Question

When a certain number $^{'}{{m}^{'}}$ is divided by 5 and added to 8 the result is equal to $3m$ subtracted from 4. Then $m=$\[\]
A.2\[\]
B.$\dfrac{4}{3}$\[\]
C.$\dfrac{-1}{3}$\[\]
D. $\dfrac{-5}{4}$\[\]

Answer 1

Hint: We use the given information and build two algebraic expressions in $m$ which are $\dfrac{m}{5}+8$ and $4-3m$. We equate the expressions as given in the question and the solve resulting in the linear equation in one variable for $m.$\[\]

Complete step-by-step solution
We are given the question that $m$ is a certain number which means $m$ is not variable like $x,y,z$ written in our textbooks and cannot assume any random value.
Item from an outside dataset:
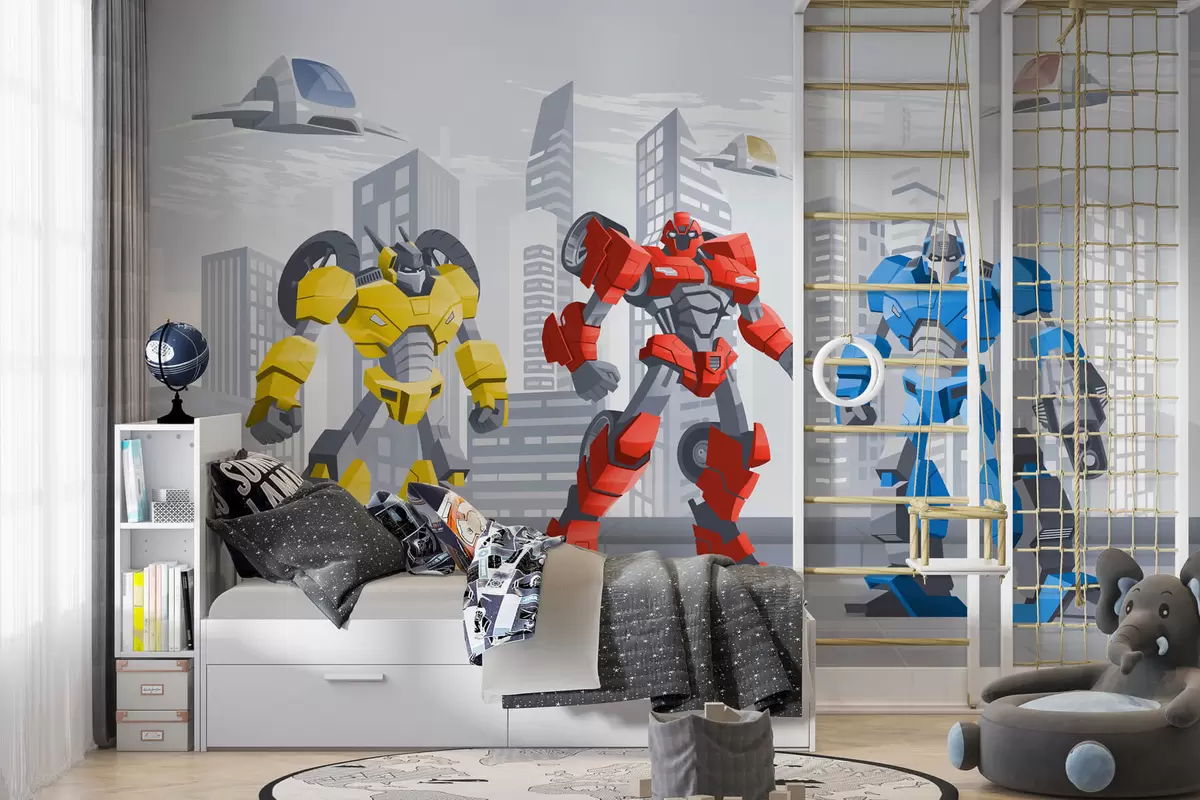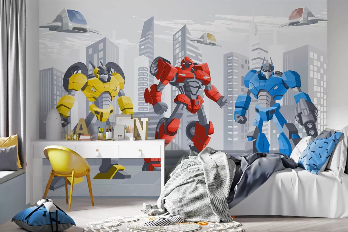 Murais de parede Robôs transformadores no cenário de uma cidade monocromática Nr. w04012

It is fixed. We are also given that it is divided by and then 5 and added to 8. If we divide $m$ by, we can write it as $\dfrac{m}{5}$ and when we add 8 to it we can write it as $\dfrac{m}{5}+8$. We have our first expression in $m$ as
\[\dfrac{m}{5}+8...\left( 1 \right)\]
We are given in the question that $3m$subtracted from 4 which we can write as $4-3m.$ We have our second expression in $m$ as
\[4-3m...\left( 2 \right)\]
We are given the question that the expressions (1) and (2) are equal. So we have
\[\dfrac{m}{5}+8=4-3m....\left( 3 \right)\]
We know that when we solve a linear equation in one variable we can add , subtract , multiply and divide the same number both left and right hand of the equation. We have to separate the terms unknown $m$ and the known numbers in equation (3). In order to do that we first subtract 8 both side of equation (3).We have
\[\begin{align}
  & \dfrac{m}{5}+8-8=4-3m-8 \\
 & \Rightarrow \dfrac{m}{5}=-4-3m \\
\end{align}\]
We add $3m$ both side and have,
\[\begin{align}
  & \Rightarrow \dfrac{m}{5}+3m=-4-3m+3m \\
 & \Rightarrow \dfrac{m}{5}+3m=-4 \\
\end{align}\]
We take $m$ common in the left hand side and add the rational numbers. We have,
\[\begin{align}
  & \Rightarrow m\left( \dfrac{1}{5}+3 \right)=-4 \\
 & \Rightarrow m\left( \dfrac{1+15}{5} \right)=-4 \\
 & \Rightarrow m\times \dfrac{16}{5}=-4 \\
\end{align}\]
We divide both side by $\dfrac{16}{5}$ and have
\[\begin{align}
  & \Rightarrow \dfrac{m\times \dfrac{16}{5}}{\dfrac{16}{5}}=\dfrac{-4}{\dfrac{16}{5}} \\
 & \Rightarrow m=-4\times \dfrac{5}{16}=\dfrac{-5}{4} \\
\end{align}\]
So the correct choice is D.

Note: We note that we can divide both sides of the equation by only a nonzero number. We can also take the same exponent on both sides of the equation. We need at least one linear equation for one variable, two equations for two variables and so on to find the solution.